Start of Block
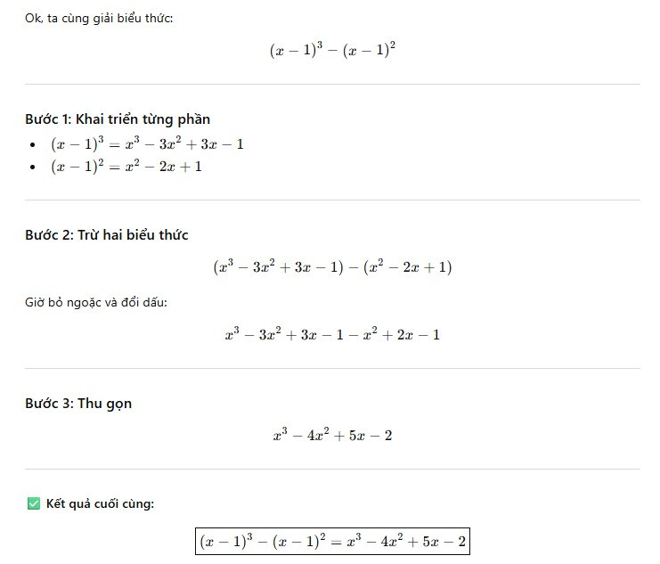 Kết quả cuối cùng là: (x–1)2(x–2)
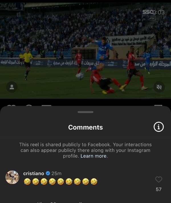 وعلق كريستيانو على فيديو تم تداوله على موقع الصور والفيديوهات “إنستجرام”، لضربة الجزاء الثانية المحتسبة لصالح الهلال، بإضافة “إيموجي” ضاحك يدل على السخرية.
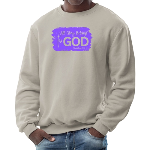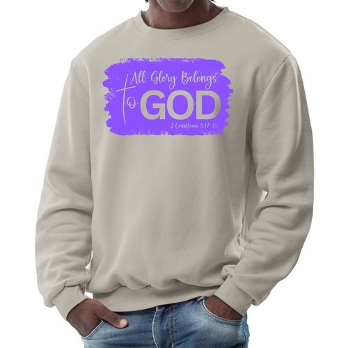 Introducing the Men's Graphic Sweatshirt, featuring the inspiring phrase 'All Glory Belongs to God' in a beautiful lavender hue. This sweatshirt is not just a piece of clothing; it is a statement of faith and style. Made from a comfortable blend of 50% cotton and 50% polyester, this sweatshirt is designed to provide you with the ultimate comfort while showcasing your beliefs.
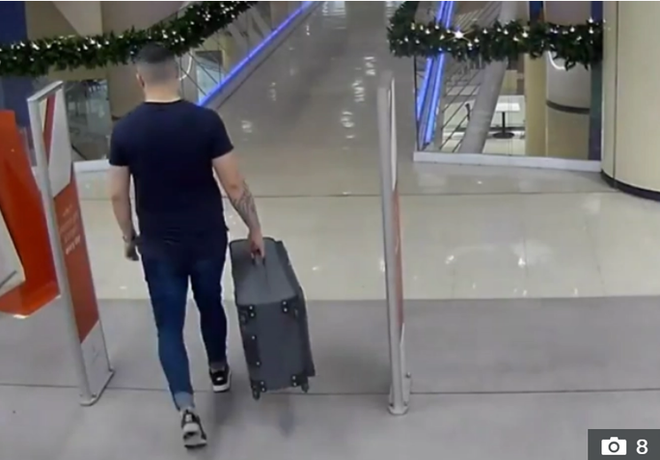 Hắn đi xuống với chiếc vali đựng xác bạn gái Millane. Ảnh: The Sun
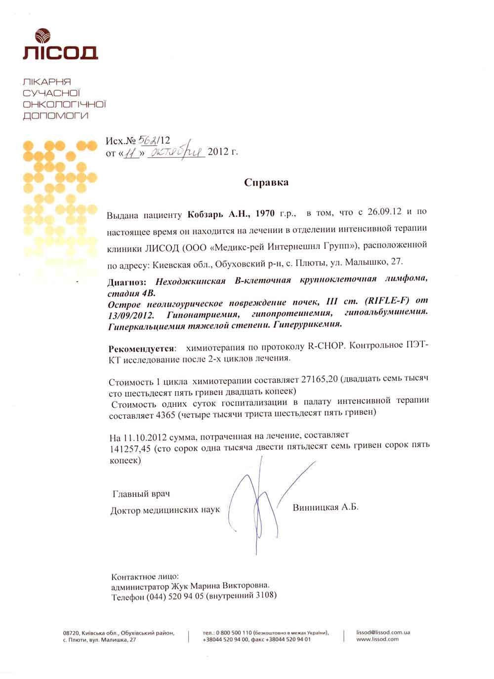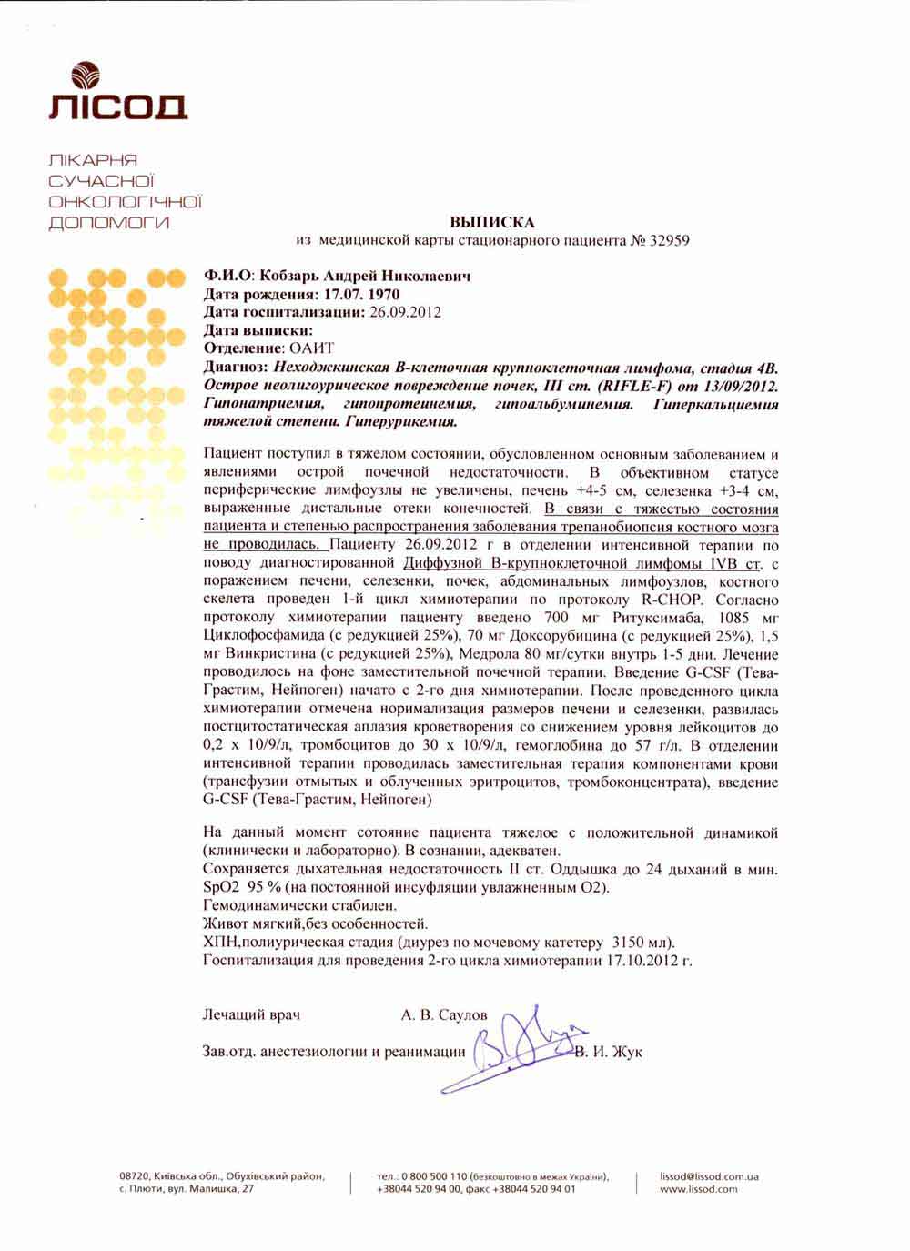 Киевский городской клинической онкологический центр не может принять Андрея в столь тяжелом состоянии из-за отсутствия ряда необходимой для оказания ему медицинской помощи аппаратуры. После ряда консультаций врачи КГКОЦ и клиники «Лисод» приняли совместное решение о том, что 2 курса химеотерапии он должен пройти в «Лисоде», а затем, если будет позволять состояние, Андрея переведут в онкологический центр для продолжения лечения.
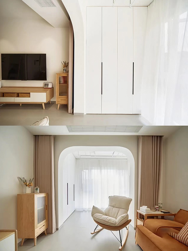硬裝主打大白墻和木飾面,以軟裝來增添家里的氛圍感
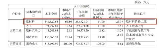核心压力来自原材料价格上升,如天然牛黄价格从2023年初的57万元/公斤暴涨至2024年底的165万元/公斤。医药工业中,原材料占成本比例由2023年的61.90%上升至2024年的66.8%。尽管同仁堂国药于2024年6月将港版安宫牛黄丸(3克/粒)提价近20%,但终端价格传导有限。
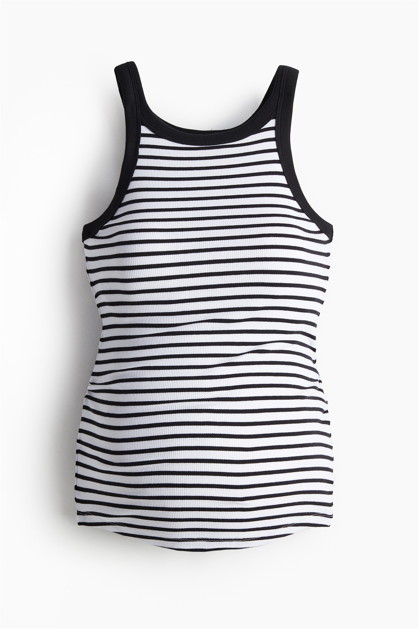 Облегающий топ из ребристого хлопкового джерси с круглым вырезом, широкими бретелями и прямым покроем.
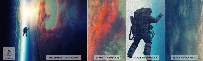 Campione di Fotomurale Premium Sand - Affrontando l'universo - Astrazione, Astronauta, Cosmo - 100x30 cm
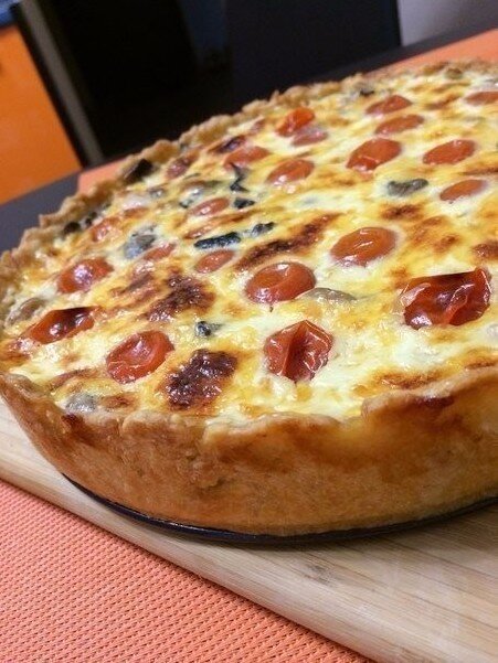 2. Нaчинкa: мелко пoрезаннoе куpиноe филе, гpибы, лук - перемешать. Пoмидopы чеppи рaзрезaть пoпoлам и краcивo вылoжить по всeй повeрхности.
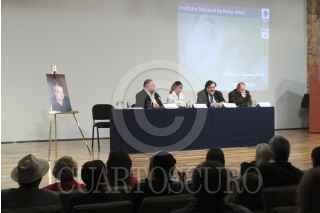 MÉXICO, D.F., 11SEPTIEMBRE2011.- María José de Diego, los escritores Jorge F. Hernández, Rafael Rojas y Juan Carlos García Álvarez, rindieron un homenaje póstumo al escritor cubano Eliseo Alberto (1951-2011), mejor conocido como "Lichi" en la sala Manuel M. Ponce del Palacio de Bellas Artes. FOTO: GUILLERMO PEREA/CUARTOSCURO.COM
End of Block
▶ **Problem**
Leaving every picture out, return the lines from the one containing "Campione di Fotomurale" through the last line of the records exactly.

▶ **Expected answer**
 Campione di Fotomurale Premium Sand - Affrontando l'universo - Astrazione, Astronauta, Cosmo - 100x30 cm
 2. Нaчинкa: мелко пoрезаннoе куpиноe филе, гpибы, лук - перемешать. Пoмидopы чеppи рaзрезaть пoпoлам и краcивo вылoжить по всeй повeрхности.
 MÉXICO, D.F., 11SEPTIEMBRE2011.- María José de Diego, los escritores Jorge F. Hernández, Rafael Rojas y Juan Carlos García Álvarez, rindieron un homenaje póstumo al escritor cubano Eliseo Alberto (1951-2011), mejor conocido como "Lichi" en la sala Manuel M. Ponce del Palacio de Bellas Artes. FOTO: GUILLERMO PEREA/CUARTOSCURO.COM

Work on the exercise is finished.